By the dawn of the 1970s, progressive rock was a major force in its native United Kingdom. Bands like Pink Floyd, King Crimson, and Yes took the psychedelic ambitions of the acid-era Beatles and twisted them into something stranger, grander, and more obsessed with virtuosic musicianship. Before punk came along to rail against it, prog was a youth movement, attracting curious teens who wanted something a bit more outré than the pop-oriented rock music they could hear on the radio. Parallel prog booms soon exploded around the world; the Canadian power trio Rush became one of the era’s biggest rock bands, and an adventurous Italian scene flourished, led by the likes of Premiata Forneria Marconi and Banco del Mutuo Soccorso.

One ’70s prog scene largely unsung outside of its home region belongs to Norway. Albums like Junipher Greene’s Friendship, Ruphus’s New Born Day, and Aunt Mary’s Janus blended the off-kilter stomp of early prog with Scandinavian folk music, but they didn’t make much of a commercial impact outside of their home country. By the early ’90s, the center of the Scandinavian prog universe had moved to Sweden, where bands like Änglagård and Anekdoten plied their trades. But something was stirring in the rehearsal spaces and rock clubs of Oslo and Bergen. It took a few years for its influence to be fully felt, but White Willow’s 1995 debut Ignis Fatuus was the opening salvo in what became a full-blown Norwegian prog renaissance. The album’s combination of folk and symphonic influences, along with its lush chorus of male and female vocals, made it an instant cult classic.

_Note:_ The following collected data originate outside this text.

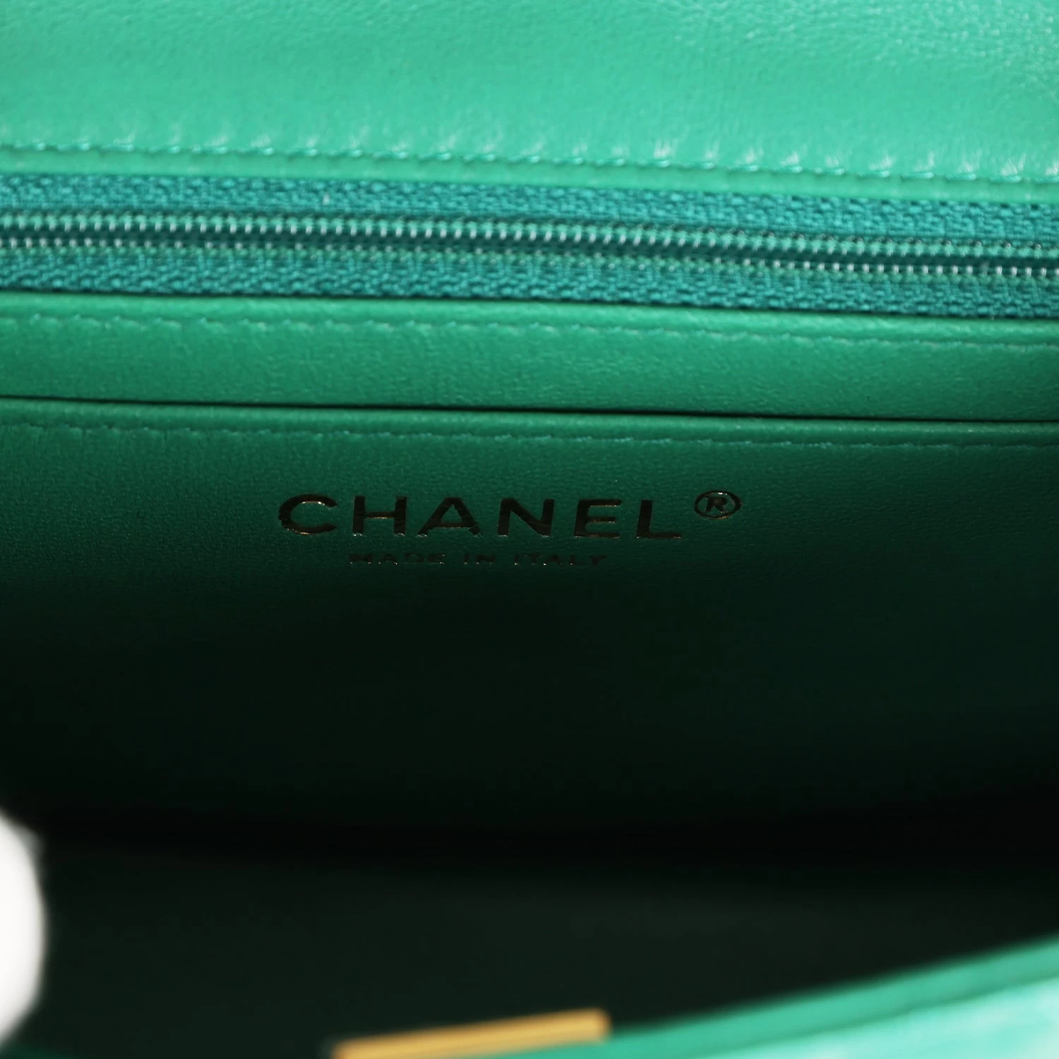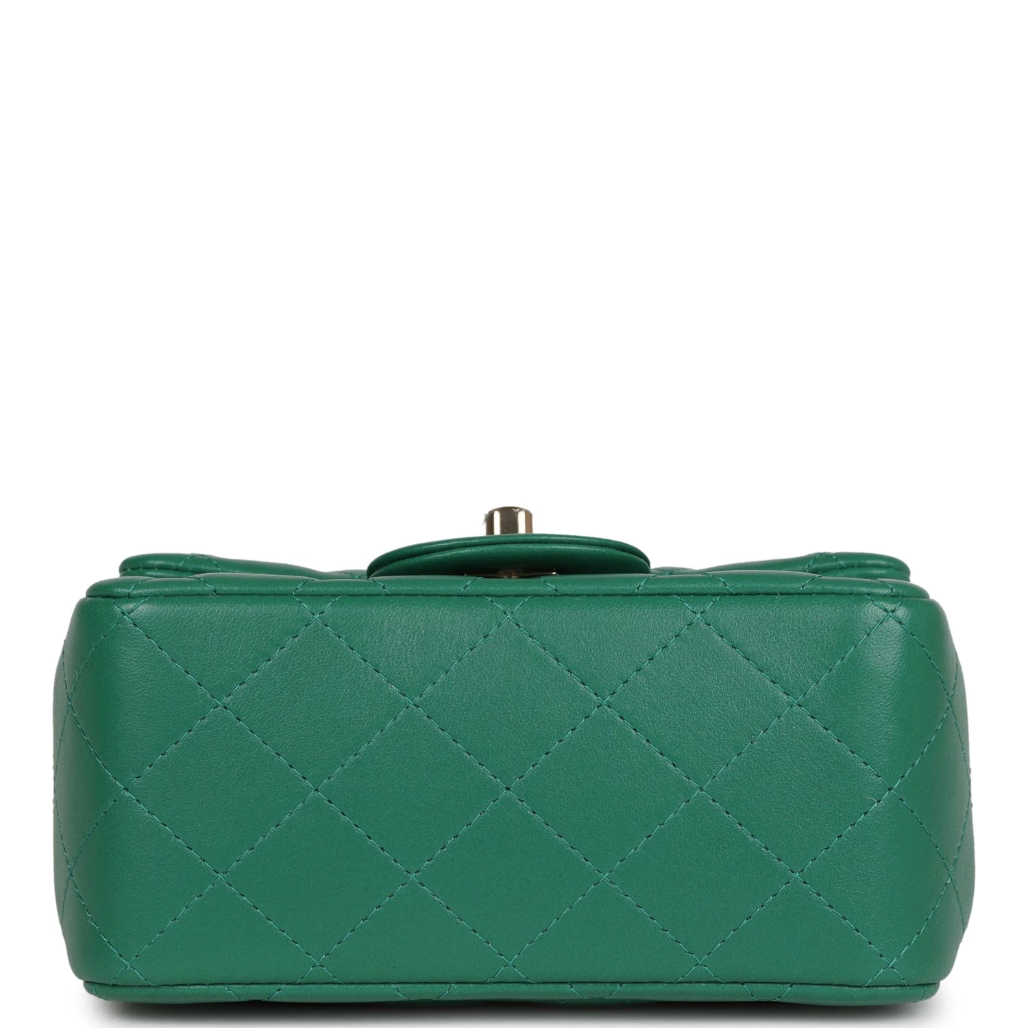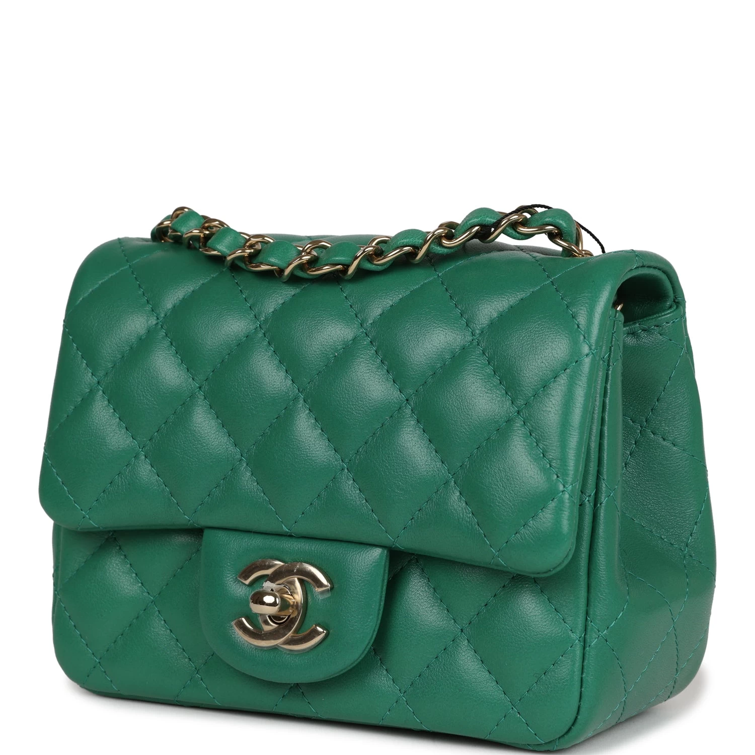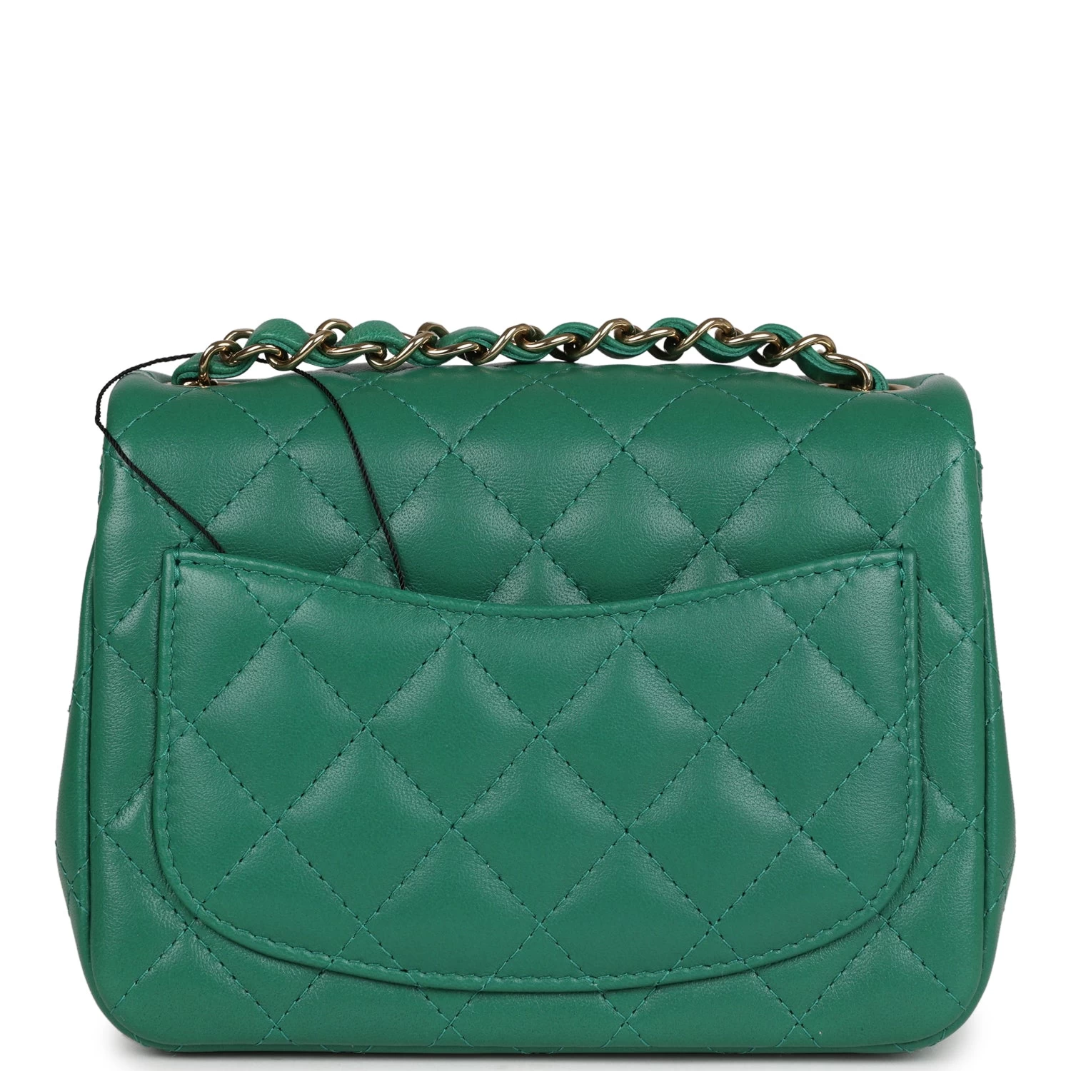 This Mini Square Flap Bag is in Green Lambskin with Gold Hardware, tonal stitching, front flap with CC turnlock closure, half-moon back pocket, and an interwoven green leather and gold chainlink/crossbody strap.
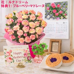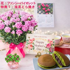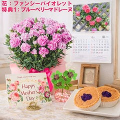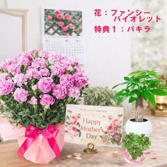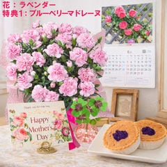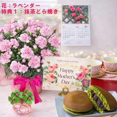 母の日 早割 プレゼント 2026 花とセット ギフト カーネーション ラベンダー 鉢植え 選べる特典付き パキラ 四葉のクローバー球根 カレンダー付き 園芸専門店 吉本花城園
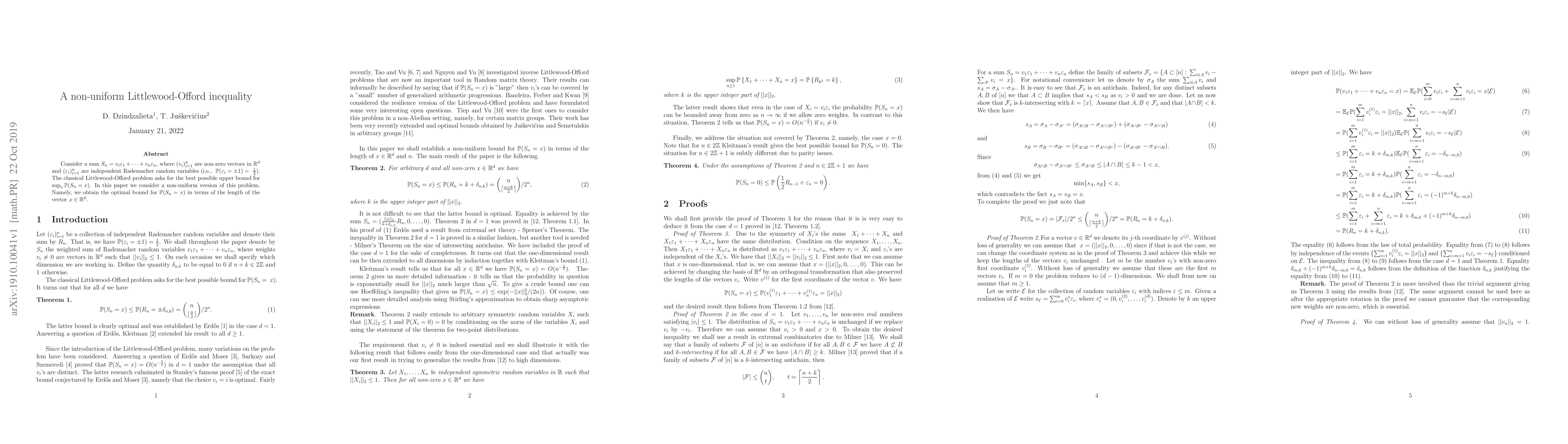 This research paper presents a non-uniform version of the Littlewood-Offord problem, providing an optimal bound for the probability of a sum of non-zero vectors with independent Rademacher random variables equalling a specific value, based on the length of that value in R^d.
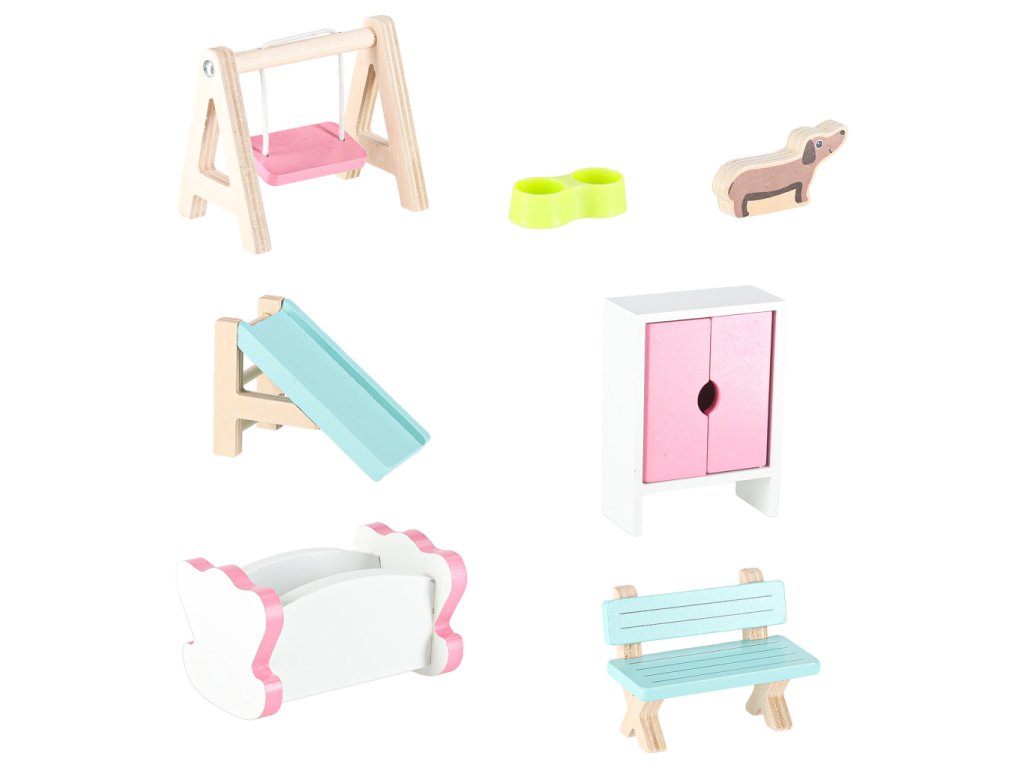 - Nábytok - stôl, 2 stoličky, hojdačka, toaleta, lehátko, lavička, detská postieľka, lampa, miska pre psa, skriňa, sporák, umývadlo
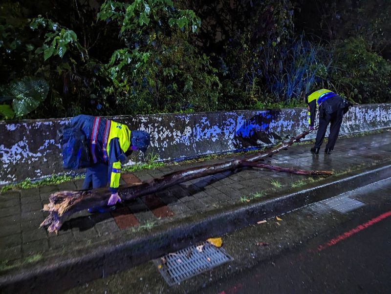警員刁浩軒、陳鴻傑及實務訓練生蕭慶祐等人,為防止事故發生及保障民眾行車安全,立即下車合力以徒手方式,先把該路樹移置到路旁安全位置,並協助通報基市府都發處公園科人員到場,進行後續處理,並未造成人車意外,路過民眾對警方能及時排除障礙,表示讚賞。

Another early entrant in the Norwegian prog revival was Wobbler, founded in rural Hønefoss in 1999. Founding keyboardist Lars Fredrik Frøislie, who later became a member of White Willow and remains an in-demand session player and producer in Norway, says they started playing prog partly as a provocation.

“When we started Wobbler in 1999, it was like the opposite of what was ‘in,’ what was hip, or whatever,” Frøislie says. “So, I guess, almost out of spite, we were gonna play this music. Because we love it, even though nobody else seems to like it. It was also inspired by Norwegian black metal, and that type of do-it-yourself attitude and don’t-give-a-damn type of attitude, as well.”

Now, almost three decades after White Willow and Wobbler bubbled to the surface, Norway is home to perhaps the strongest progressive rock scene in the world. Many of the bands who make up the scene’s vanguard release their music on Karisma Records, the Bergen-based label founded in 2003 by Robin Mortensen. (Karisma even recently reissued the Ruphus catalog, making explicit the label’s spiritual link to the ’70s bands.) Martin Kvam, Karisma’s longtime label manager, credits a spirit of friendly one-upmanship for the healthy state of Norwegian prog.

“[The scene] is really strong right now,” Kvam says. “It’s not a big scene, but the bands are friends, and they are talking to each other, and inspiring each other, and maybe they sort of compete a little bit, to be better and better and do the next cool thing.”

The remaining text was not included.